Research On Forensic Investigation Of Ai-Generated Deepfake Audio And Video Evidence In Criminal Trials
Case 1: Eric Eiswert / Dazhon Darien – Maryland AI Voice-Cloning Deepfake (2025)
Facts:
Dazhon Darien, an athletic director, used AI software to generate a voice clone of principal Eric Eiswert. The AI-generated recording made it sound as if Eiswert made racist and offensive remarks, which were circulated among school staff and on social media.
Forensic Investigation:
Digital forensic experts analyzed the recording’s metadata and identified evidence of AI manipulation and splicing.
IP tracing linked the recording’s creation and dissemination to Darien’s devices.
Experts compared the voice patterns against known samples of Eiswert’s voice to confirm synthetic cloning.
Legal Outcome:
Darien entered an Alford plea to a misdemeanor charge of disrupting school operations and received four months in jail.
Key Lessons:
Voice-cloning deepfakes can constitute criminally actionable impersonation.

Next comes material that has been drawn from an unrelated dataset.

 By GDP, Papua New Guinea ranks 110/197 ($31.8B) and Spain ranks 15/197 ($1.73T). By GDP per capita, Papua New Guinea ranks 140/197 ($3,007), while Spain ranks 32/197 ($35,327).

Chain of custody and expert testimony were critical in linking the synthetic audio to the defendant.
Case 2: Dubai Family Court – Deepfake Audio in Custody Dispute (2020)
Facts:
In a child custody dispute, a recording purportedly captured the father making violent threats. The mother presented the recording as evidence in court, but the father claimed it was a deepfake.
Forensic Investigation:
Analysts examined audio metadata, revealing inconsistencies in timestamps and encoding.
Spectral analysis indicated artificial voice synthesis rather than a natural human recording.

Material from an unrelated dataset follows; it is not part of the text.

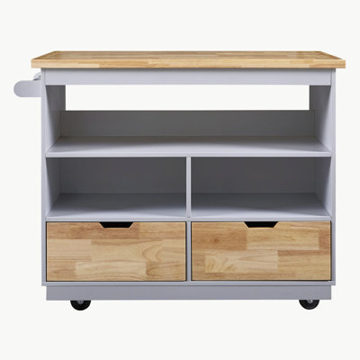 Rolling Kitchen Island with StorageThe front of the storage unit is designed with functionality in mind, providing three layers of storage space. The two large drawers are ideal for storing utensils, kitchen towels, or other larger items, while the two open compartment storages at the back offer easy access to frequently used items such as cutting boardRed Barrel Studio

The court considered testimony from digital forensics experts about the manipulation signs.
Legal Outcome:
The court rejected the recording as authentic evidence. While not widely published, the decision underscored the ability of deepfake audio to be challenged in legal proceedings.
Key Lessons:
Courts in non-criminal contexts are encountering deepfake evidence.
Forensic authentication and expert testimony are decisive in disputes over synthetic recordings.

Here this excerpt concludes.